Falcon 9 fails to land again, but SpaceX has reason to be hopeful

The Falcon 9's rocket booster returned after a successful mission of putting the Jason-3 satellite in orbit, but failed to land properly on a drone ship after a landing leg failed to lock

Published Date
18 - Jan - 2016
| Last Updated
19 - Jan - 2016
 
Falcon 9 fails to land again, but SpaceX has reason to be hopeful

SpaceX’s foray into low cost space travel almost earned another feather in its cap, with successfully sending the Jason-3 satellite into orbit, 800 miles above the Earth. However, the concluding stage of the mission did not go as Elon Musk would have liked. With landing scheduled to occur on a ship, the Falcon 9 rocket toppled over owing to a landing leg that failed to latch on.

This is the third time that SpaceX has failed to land its rocket in the middle of the sea. On both the previous attempts, the rockets tipped over, fell and exploded. While this time was quite similar, SpaceX is taking encouragement from its progress. While landing on the sea is more difficult because of limited target area and high waves, it is a more cost-effective option. Once the Falcon 9 takes off and goes into space, it has to either trace back its entire horizontal and vertical trajectory to head back onto solid ground. SpaceX, focusing on affordability, has taken the cost-effective route of directing back the rocket onto target areas in the middle of oceans, where drone ships locate themselves almost directly underneath the rocket’s landing target. While directing a rocket back to a landing spot on the ground is safer, it also takes up more fuel than what low-cost space missions may permit.
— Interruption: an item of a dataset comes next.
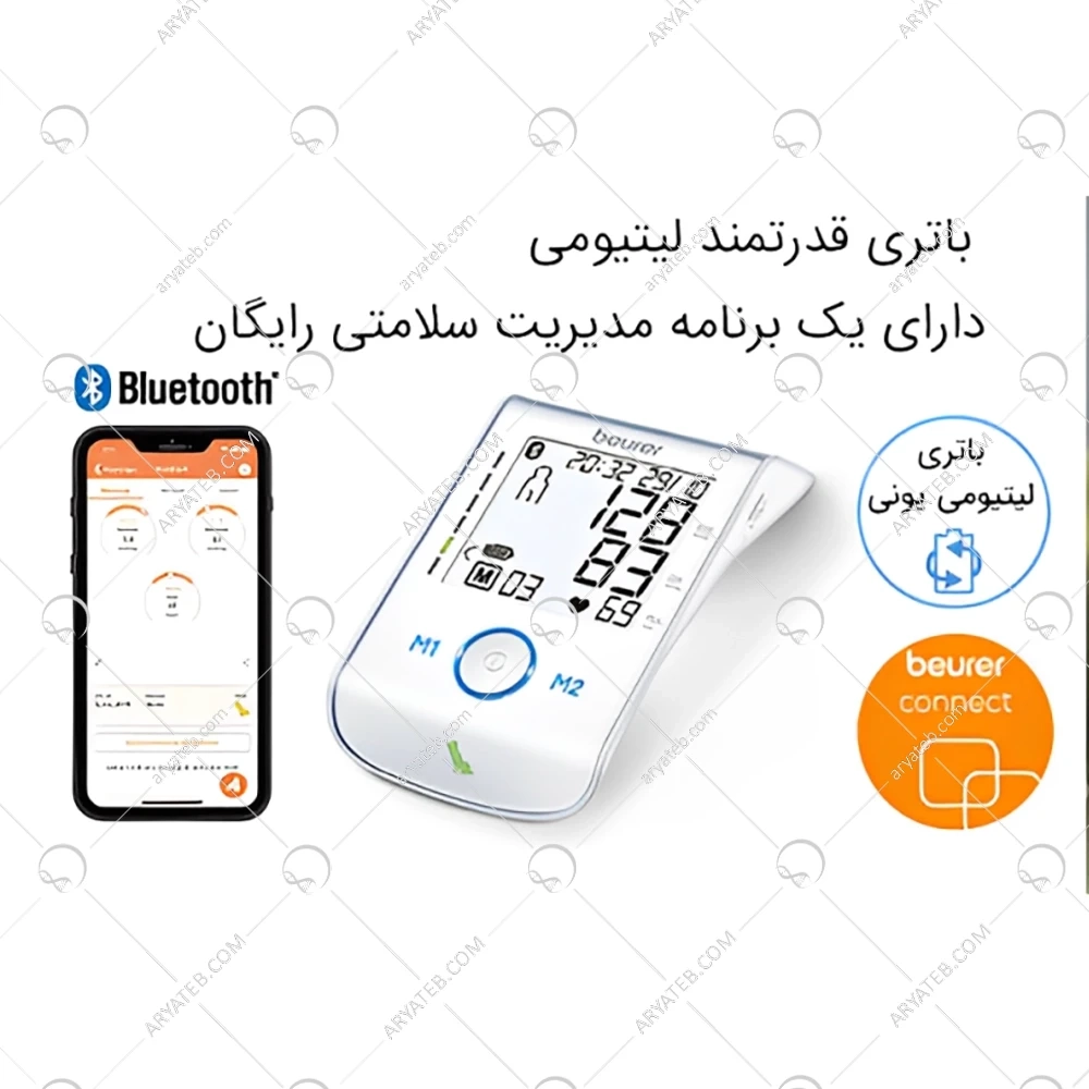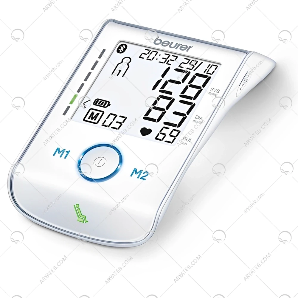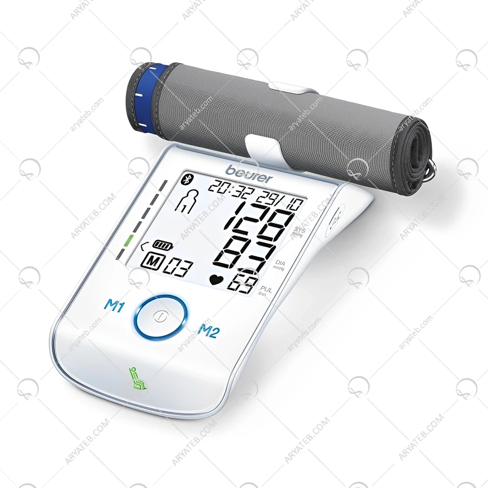 فشارسنج بازویی دیجیتال بیورر مدل BM85 یک دستگاه پیشرفته برای اندازهگیری دقیق فشار خون و ضربان قلب است. این دستگاه با طراحی شیک و کاربری آسان، دارای صفحهنمایش بزرگ و خوانا است که نتایج را بهوضوح نمایش میدهد. از ویژگیهای برجسته BM85 میتوان به قابلیت تشخیص آریتمی (نامنظمی ضربان قلب) و نشانگر استراحت (همودینامیک) اشاره کرد که به کاربر کمک میکند تا در شرایط مناسب اندازهگیری را انجام دهد. این فشارسنج مجهز به ۱۲۰ جایگاه حافظه برای دو کاربر است که امکان ذخیره و مرور نتایج قبلی را فراهم میکند. همچنین، با قابلیت اتصال به گوشی هوشمند از طریق بلوتوث و کابل USB، کاربران میتوانند دادههای خود را بهراحتی منتقل و تحلیل کنند. منبع تغذیه دستگاه باتری لیتیومی شارژی است که با استفاده از کابل USB قابل شارژ است. این ویژگیها BM85 را به گزینهای مناسب برای افرادی که به دنبال دقت، راحتی و امکانات پیشرفته در یک فشارسنج هستند، تبدیل کرده است.

Elon Musk, CEO of SpaceX, later tweeted stating that the landing was “good”, and there was nothing out of order with its touchdown speed. In tandem, the rocket booster from SpaceX’s December mission was recovered and examined, and was found to be in “great shape”, as Hans Koenigsmann, Vice President of Mission Assurance at SpaceX, put it. Rather than dumping the rocket booster into the ocean, recovering it allows the company to possibly reuse it for a second mission, thereby reducing the expenses incurred by a great margin. However, there is always the question of what cost would it take to set the rocket booster up for a viable re-launch, and the question of reduced saving margins. While SpaceX claims that the previous booster is in great shape, it will possibly not be sent back into space again, instead be put for show. This, however, puts groundwork for reusable rocket boosters in future firmly in place.

While SpaceX’s third landing in the middle of the ocean did not go as well as it would have hoped for, it is a signal for brighter days to come for affordable space travel. If mid-ocean landings and reusable equipment can indeed be examined and processed, this may lead a way for the privatisation of the space exploration forefront simply based on much lower expense.